### Task statement
Reproduce the section of the listing that begins at the line containing "Geomagnetic storms in" and finishes at the line containing "Nuestra colección de". Include both end lines and nothing beyond them.

### Records for this task
○ ○ ○ ○ ○ ○ ○
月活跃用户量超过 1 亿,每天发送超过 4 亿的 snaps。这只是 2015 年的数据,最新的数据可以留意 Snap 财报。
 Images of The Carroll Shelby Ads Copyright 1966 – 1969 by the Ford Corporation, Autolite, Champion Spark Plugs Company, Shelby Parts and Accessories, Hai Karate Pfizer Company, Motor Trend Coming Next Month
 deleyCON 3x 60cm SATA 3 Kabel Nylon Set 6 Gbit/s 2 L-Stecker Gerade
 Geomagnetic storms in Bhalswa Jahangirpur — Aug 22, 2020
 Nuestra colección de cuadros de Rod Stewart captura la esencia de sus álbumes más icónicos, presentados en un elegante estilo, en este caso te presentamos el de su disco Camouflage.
○ ○ ○ ○ ○ ○ ○
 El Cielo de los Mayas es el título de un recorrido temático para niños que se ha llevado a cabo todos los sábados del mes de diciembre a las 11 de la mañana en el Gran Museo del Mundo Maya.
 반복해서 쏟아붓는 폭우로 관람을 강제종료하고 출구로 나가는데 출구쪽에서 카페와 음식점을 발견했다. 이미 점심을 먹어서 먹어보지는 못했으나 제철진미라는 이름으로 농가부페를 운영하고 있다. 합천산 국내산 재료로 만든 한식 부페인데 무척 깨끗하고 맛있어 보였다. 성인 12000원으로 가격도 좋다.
○ ○ ○ ○ ○ ○ ○
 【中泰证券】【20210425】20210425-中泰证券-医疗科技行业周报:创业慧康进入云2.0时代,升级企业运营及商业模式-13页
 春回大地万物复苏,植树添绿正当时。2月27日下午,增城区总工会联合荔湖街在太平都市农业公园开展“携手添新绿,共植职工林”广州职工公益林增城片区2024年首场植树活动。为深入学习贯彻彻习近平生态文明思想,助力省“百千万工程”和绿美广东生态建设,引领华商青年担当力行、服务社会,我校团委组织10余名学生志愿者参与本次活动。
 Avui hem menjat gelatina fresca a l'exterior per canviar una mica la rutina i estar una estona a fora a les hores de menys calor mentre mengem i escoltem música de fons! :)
○ ○ ○ ○ ○ ○ ○
### Answer for the task
 Geomagnetic storms in Bhalswa Jahangirpur — Aug 22, 2020
 Nuestra colección de cuadros de Rod Stewart captura la esencia de sus álbumes más icónicos, presentados en un elegante estilo, en este caso te presentamos el de su disco Camouflage.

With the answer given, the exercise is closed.